* TASK TO CARRY OUT *
Take every line in the entries that includes the word "high" and copy it.

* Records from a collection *
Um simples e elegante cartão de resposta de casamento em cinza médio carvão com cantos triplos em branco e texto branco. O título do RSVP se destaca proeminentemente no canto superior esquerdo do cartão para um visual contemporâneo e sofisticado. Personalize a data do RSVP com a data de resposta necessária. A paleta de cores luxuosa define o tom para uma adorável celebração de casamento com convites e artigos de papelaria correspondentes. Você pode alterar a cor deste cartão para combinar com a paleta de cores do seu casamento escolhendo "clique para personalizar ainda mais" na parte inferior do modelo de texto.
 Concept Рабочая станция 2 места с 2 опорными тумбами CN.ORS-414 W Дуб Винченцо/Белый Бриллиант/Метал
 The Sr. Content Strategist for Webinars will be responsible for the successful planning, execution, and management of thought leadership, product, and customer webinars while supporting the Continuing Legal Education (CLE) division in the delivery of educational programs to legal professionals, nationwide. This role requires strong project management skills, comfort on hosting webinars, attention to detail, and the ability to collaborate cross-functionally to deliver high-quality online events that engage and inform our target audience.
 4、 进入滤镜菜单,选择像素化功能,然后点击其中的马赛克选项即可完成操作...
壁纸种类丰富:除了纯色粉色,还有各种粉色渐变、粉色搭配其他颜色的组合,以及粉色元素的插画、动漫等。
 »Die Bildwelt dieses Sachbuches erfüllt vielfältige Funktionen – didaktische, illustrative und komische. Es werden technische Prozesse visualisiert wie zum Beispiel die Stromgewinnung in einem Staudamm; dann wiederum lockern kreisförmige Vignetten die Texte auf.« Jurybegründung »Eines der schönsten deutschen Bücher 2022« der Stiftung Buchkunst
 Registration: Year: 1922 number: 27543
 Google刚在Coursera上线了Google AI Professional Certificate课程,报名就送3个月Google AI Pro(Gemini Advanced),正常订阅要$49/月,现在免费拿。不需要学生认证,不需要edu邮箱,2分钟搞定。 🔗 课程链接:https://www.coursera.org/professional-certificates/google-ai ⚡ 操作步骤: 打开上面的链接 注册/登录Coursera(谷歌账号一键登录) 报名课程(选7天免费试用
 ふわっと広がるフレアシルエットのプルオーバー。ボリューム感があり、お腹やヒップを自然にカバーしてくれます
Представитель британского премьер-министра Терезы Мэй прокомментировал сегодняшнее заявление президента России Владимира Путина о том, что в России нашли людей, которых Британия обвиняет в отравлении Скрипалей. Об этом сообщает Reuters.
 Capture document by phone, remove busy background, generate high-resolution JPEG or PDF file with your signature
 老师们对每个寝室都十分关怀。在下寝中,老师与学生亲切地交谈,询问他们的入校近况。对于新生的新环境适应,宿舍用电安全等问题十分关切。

* SOLUTION *
 The Sr. Content Strategist for Webinars will be responsible for the successful planning, execution, and management of thought leadership, product, and customer webinars while supporting the Continuing Legal Education (CLE) division in the delivery of educational programs to legal professionals, nationwide. This role requires strong project management skills, comfort on hosting webinars, attention to detail, and the ability to collaborate cross-functionally to deliver high-quality online events that engage and inform our target audience.
 Capture document by phone, remove busy background, generate high-resolution JPEG or PDF file with your signature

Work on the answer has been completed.